'''
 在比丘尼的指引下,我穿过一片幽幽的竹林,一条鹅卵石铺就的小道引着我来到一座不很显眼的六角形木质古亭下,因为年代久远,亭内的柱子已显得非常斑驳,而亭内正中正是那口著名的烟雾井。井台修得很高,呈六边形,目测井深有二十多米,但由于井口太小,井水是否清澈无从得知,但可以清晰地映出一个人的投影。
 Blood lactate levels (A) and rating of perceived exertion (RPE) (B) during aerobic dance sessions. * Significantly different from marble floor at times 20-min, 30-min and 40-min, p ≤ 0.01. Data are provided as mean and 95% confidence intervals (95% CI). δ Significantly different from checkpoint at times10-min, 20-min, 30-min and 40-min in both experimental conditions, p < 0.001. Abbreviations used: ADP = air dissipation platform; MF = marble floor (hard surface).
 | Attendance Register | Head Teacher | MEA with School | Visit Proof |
'''
'''
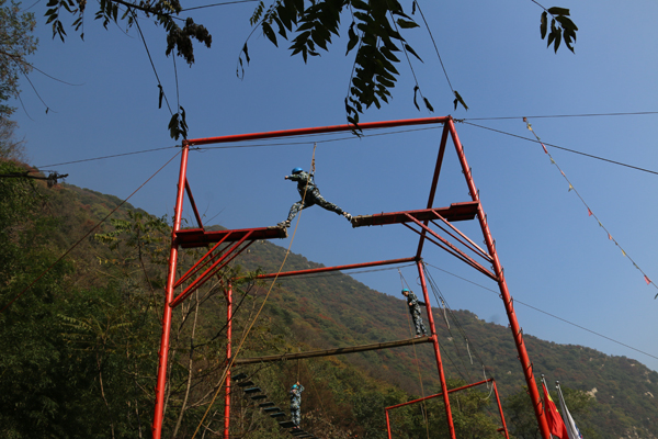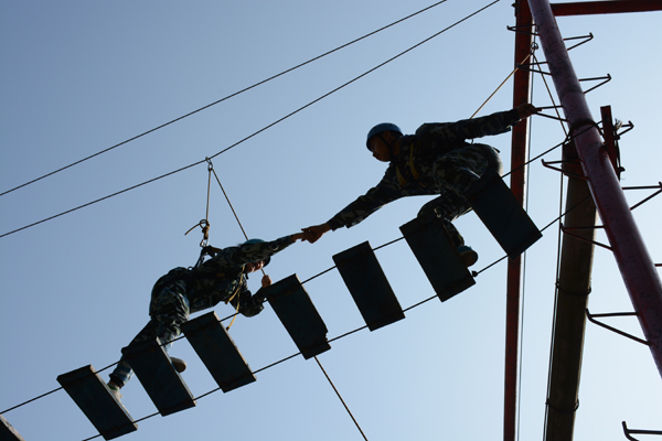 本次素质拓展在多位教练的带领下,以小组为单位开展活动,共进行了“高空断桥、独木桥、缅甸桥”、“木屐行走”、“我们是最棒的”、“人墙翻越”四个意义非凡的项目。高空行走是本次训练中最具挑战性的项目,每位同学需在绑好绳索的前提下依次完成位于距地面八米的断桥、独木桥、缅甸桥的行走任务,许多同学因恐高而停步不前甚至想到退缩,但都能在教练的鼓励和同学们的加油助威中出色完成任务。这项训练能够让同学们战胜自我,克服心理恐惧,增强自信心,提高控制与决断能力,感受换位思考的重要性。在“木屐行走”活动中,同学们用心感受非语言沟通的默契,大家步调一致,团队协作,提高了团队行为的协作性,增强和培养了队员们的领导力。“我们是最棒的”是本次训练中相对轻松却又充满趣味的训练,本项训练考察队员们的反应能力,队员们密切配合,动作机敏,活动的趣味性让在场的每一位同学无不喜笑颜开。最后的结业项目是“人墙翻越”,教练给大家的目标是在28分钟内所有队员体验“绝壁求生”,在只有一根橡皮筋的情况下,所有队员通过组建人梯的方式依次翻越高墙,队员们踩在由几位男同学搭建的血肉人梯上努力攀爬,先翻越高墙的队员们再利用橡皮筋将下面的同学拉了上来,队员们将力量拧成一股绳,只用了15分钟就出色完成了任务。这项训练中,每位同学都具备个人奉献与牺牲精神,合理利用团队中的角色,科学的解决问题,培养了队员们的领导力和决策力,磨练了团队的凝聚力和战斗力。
'''
WHAT YOU WILL DO ▸
Transcribe the records above exactly, beginning at the line that contains "在比丘尼的指引下,我穿过一片" and ending with the line that contains "Visit Proof |", both included, and nothing else.

RESPONSE AREA ▸
 在比丘尼的指引下,我穿过一片幽幽的竹林,一条鹅卵石铺就的小道引着我来到一座不很显眼的六角形木质古亭下,因为年代久远,亭内的柱子已显得非常斑驳,而亭内正中正是那口著名的烟雾井。井台修得很高,呈六边形,目测井深有二十多米,但由于井口太小,井水是否清澈无从得知,但可以清晰地映出一个人的投影。
 Blood lactate levels (A) and rating of perceived exertion (RPE) (B) during aerobic dance sessions. * Significantly different from marble floor at times 20-min, 30-min and 40-min, p ≤ 0.01. Data are provided as mean and 95% confidence intervals (95% CI). δ Significantly different from checkpoint at times10-min, 20-min, 30-min and 40-min in both experimental conditions, p < 0.001. Abbreviations used: ADP = air dissipation platform; MF = marble floor (hard surface).
 | Attendance Register | Head Teacher | MEA with School | Visit Proof |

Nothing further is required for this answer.